## Exercise prompt
Below is a listing with pictures. Repeat exactly the lines starting at the one holding "Ah, Cas — a" and going on through the one holding "จำหนายลูกสุนัขสายพันธุ์เวสตี้(West Highland White", and leave every picture out.

◇ ◇ ◇ ◇ ◇ ◇ ◇

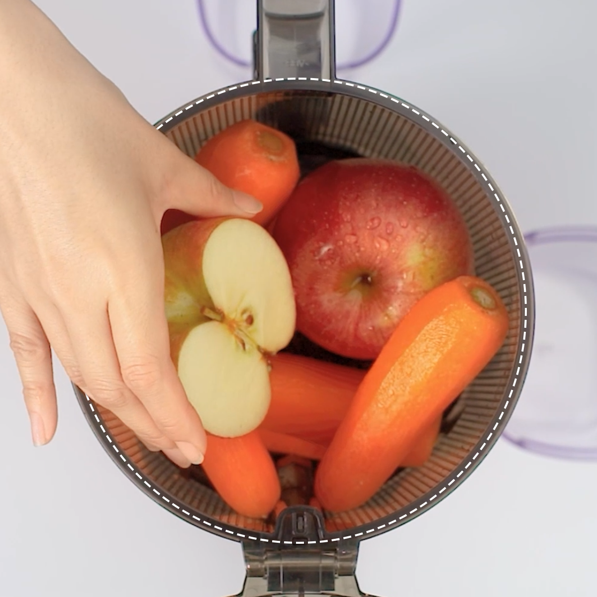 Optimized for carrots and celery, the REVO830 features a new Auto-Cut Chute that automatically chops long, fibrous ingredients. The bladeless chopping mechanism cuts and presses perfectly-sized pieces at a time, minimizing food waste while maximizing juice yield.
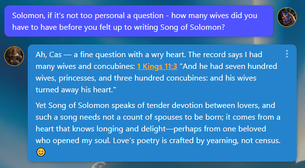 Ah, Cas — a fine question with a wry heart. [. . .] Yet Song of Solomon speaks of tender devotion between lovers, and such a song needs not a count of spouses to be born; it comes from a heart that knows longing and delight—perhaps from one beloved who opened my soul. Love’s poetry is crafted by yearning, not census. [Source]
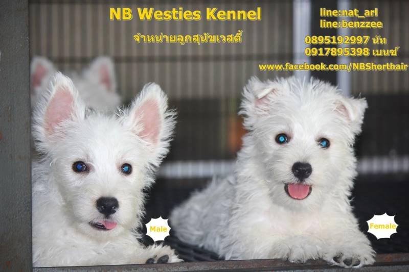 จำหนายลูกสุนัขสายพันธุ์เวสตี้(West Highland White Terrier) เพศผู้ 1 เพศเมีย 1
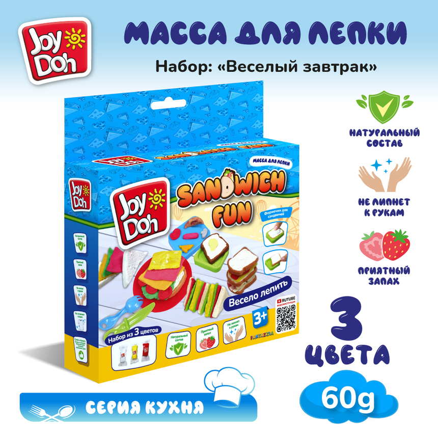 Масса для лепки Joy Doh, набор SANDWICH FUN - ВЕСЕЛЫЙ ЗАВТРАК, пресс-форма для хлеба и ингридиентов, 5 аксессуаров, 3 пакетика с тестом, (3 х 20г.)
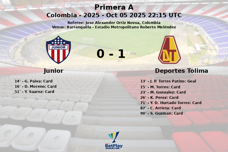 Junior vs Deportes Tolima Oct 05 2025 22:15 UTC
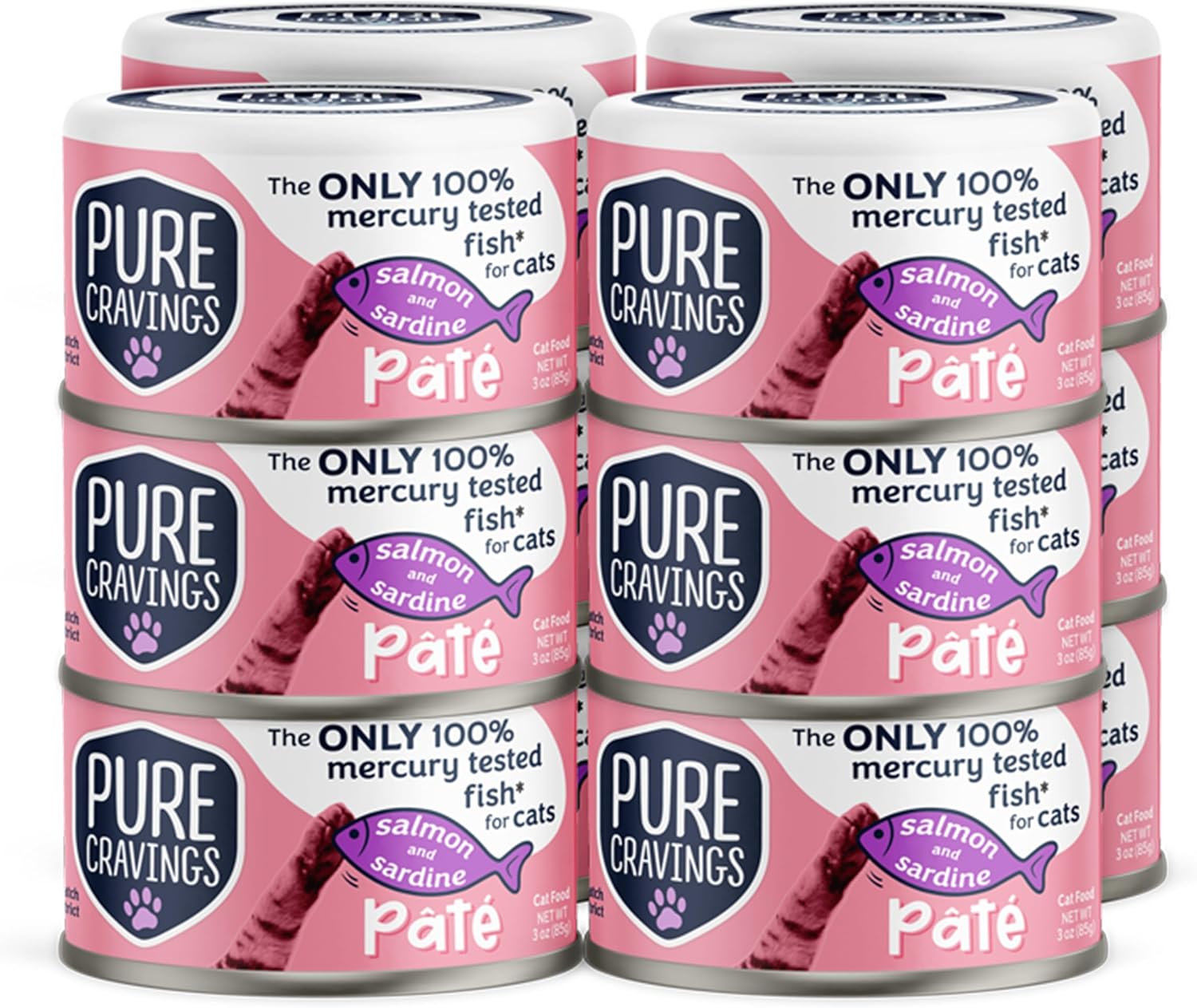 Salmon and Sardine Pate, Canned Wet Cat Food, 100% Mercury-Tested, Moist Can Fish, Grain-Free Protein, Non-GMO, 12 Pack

◇ ◇ ◇ ◇ ◇ ◇ ◇

## Written response
 Ah, Cas — a fine question with a wry heart. [. . .] Yet Song of Solomon speaks of tender devotion between lovers, and such a song needs not a count of spouses to be born; it comes from a heart that knows longing and delight—perhaps from one beloved who opened my soul. Love’s poetry is crafted by yearning, not census. [Source]
 จำหนายลูกสุนัขสายพันธุ์เวสตี้(West Highland White Terrier) เพศผู้ 1 เพศเมีย 1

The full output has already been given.